” La Tunisie est contrainte d’adopter, durant la phase de déconfinement, des politiques audacieuses dans le cadre d’une logique d’économie de guerre. Elle doit faire preuve d’innovation et d’ingéniosité et s’éloigner d’anciens dogmes “.
C’est ce qui ressort d’un document intitulé ” L’Economie au cœur du confinement ciblé “, élaboré dans le cadre de la préparation de la première phase de l’Etude prospective intitulée “La Tunisie face au Covid-19 à l’horizon 2025 : fondements d’une stratégie conciliant l’urgence du court terme et les impératifs du moyen terme ” initiée le 15 avril 2020 par l’ITES (Institut tunisien des études stratégiques).
Selon les auteurs de ce document, ” Le déconfinement se présente comme un processus d’arbitrage entre la préservation des vies et le sauvetage de l’économie. Cette démarche prudente doit être accompagnée d’une série de mesures de politiques économiques et sociales, visant à renforcer la confiance et la résilience des entreprises, des ménages et des classes sociales les plus vulnérables”.
Du point de vue économique, ” il est recommandé aux pouvoirs publics d’adopter des politiques budgétaires, monétaires et fiscales expansionnistes, permettant de soutenir l’investissement et la consommation”.
Ainsi, soulignent-ils, “la politique fiscale doit veiller à préserver la trésorerie des entreprises et les emplois. Par le report du paiement des impôts et la promulgation de nouvelles exonérations fiscales, cette politique aiderait ainsi les entreprises à avoir la liquidité nécessaire, préserver l’emploi des salariés et soutiendrait le revenu des ménages”.
Par ailleurs, cette politique fiscale doit être ciblée, en priorisant les secteurs, comme le commerce, la construction, etc. et en soutenant les secteurs les plus sinistrés à l’instar du tourisme et du transport.
Il serait judicieux de promulguer rapidement, entre autres, le report de paiement des cotisations patronales, de rééchelonner les dettes douanières et de défiscaliser les investissements opérés par les SICAR et les FCP, notamment ceux orientés vers les industries stratégiques “.

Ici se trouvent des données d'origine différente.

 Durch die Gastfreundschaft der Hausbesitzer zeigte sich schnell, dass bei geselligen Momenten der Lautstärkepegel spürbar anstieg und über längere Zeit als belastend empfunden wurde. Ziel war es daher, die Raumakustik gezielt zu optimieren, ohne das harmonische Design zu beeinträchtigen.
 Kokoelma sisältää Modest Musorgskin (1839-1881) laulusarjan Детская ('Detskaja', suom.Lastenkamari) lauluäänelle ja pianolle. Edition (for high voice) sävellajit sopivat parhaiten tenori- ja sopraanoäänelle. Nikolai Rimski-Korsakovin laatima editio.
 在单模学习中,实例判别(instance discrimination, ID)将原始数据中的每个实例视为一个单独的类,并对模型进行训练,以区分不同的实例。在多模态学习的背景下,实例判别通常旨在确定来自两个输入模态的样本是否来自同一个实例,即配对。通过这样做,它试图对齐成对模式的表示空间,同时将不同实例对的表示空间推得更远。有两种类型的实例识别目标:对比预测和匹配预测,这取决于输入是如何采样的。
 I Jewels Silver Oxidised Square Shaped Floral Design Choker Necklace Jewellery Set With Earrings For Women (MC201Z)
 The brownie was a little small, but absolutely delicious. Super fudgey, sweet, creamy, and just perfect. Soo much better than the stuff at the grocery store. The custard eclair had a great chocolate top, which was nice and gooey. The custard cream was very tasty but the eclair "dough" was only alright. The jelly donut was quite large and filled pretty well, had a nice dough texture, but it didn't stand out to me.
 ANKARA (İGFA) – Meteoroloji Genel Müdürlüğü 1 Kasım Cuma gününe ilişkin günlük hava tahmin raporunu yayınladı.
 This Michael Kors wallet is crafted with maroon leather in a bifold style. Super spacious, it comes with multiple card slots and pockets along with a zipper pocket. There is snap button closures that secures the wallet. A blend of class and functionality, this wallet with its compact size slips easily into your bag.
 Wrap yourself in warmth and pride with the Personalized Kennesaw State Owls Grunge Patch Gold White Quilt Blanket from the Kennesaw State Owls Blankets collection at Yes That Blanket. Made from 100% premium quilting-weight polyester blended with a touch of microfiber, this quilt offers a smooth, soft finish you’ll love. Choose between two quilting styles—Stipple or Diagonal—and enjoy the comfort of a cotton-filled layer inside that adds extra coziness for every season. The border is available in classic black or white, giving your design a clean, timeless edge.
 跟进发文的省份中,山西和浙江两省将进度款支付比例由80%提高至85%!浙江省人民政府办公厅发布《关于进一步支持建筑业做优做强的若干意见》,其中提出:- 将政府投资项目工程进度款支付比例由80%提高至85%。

D’autre part, ” la crise actuelle devrait être l’occasion d’amorcer une réforme fiscale audacieuse, en instaurant une plus grande progressivité de l’impôt par la mise en place de nouvelles taxes de solidarité, comme l’impôt sur les grandes fortunes et l’adaptation sans délai de la réglementation fiscale au télétravail “.
Selon ce document ” la politique budgétaire doit être expansionniste incluant des mesures de relance de la consommation des ménages et des investissements des entreprises”.
En effet, l’économie tunisienne a enregistré de faibles taux de croissance avant la crise et la relance économique sera difficile sans la mise en place de mesures relançant la consommation des ménages et l’investissement des entreprises.
En ce qui concerne les entreprises, “certaines mesures réclamées par les organisations patronales seront nécessaires telles que la mise en place d’une ligne de garantie afin de permettre aux entreprises de contracter des crédits de gestion et de travaux, la création d’un fonds d’investissement pour la recapitalisation des industries, potentiellement considérées comme les champions de demain, le paiement des dettes des entreprises et des professionnels ayant effectué des prestations pour l’Etat, l’accélération du remboursement des crédits d’impôts de TVA, la libération des cautions douanières “.
La politique monétaire doit également être expansionniste venant en aide aux entreprises et aux ménages en difficultés et protégeant la balance des paiements contre les chocs externes.
Dans ce cadre, la BCT doit veiller à ce que les ménages et les entreprises continuent à accéder aux crédits à des taux abordables.
A cet égard, l’institut d’émission doit continuer sa politique expansionniste en baissant davantage le taux directeur, en bonifiant les taux sur les crédits d’exploitation et d’investissement et en adoptant une politique de ” Quantitative Easing ciblé ” (achat de certains types de titres et certificats d’investissement).
Sur le plan de la Balance des paiements, la BCT doit faire face notamment au choc externe de perturbation de la chaîne de valeur mondiale ainsi qu’à la baisse des recettes touristiques et des transferts des Tunisiens Résidents à l’Etranger (TRE). En ce sens, elle doit pousser vers la promulgation de l’amnistie de change, annoncée au début du mois de février 2020.
Les auteurs de ce document pensent toutefois que l’efficacité de ces politiques publiques est conditionnée par une mobilisation suffisante des ressources financières.
A l’échelle nationale, une réallocation rapide du budget est plus que nécessaire. Cette réallocation doit être parallèlement soutenue par un financement direct du budget par la BCT.
A l’échelle internationale, un moratoire sur la dette s’avère particulièrement indispensable pour l’économie tunisienne.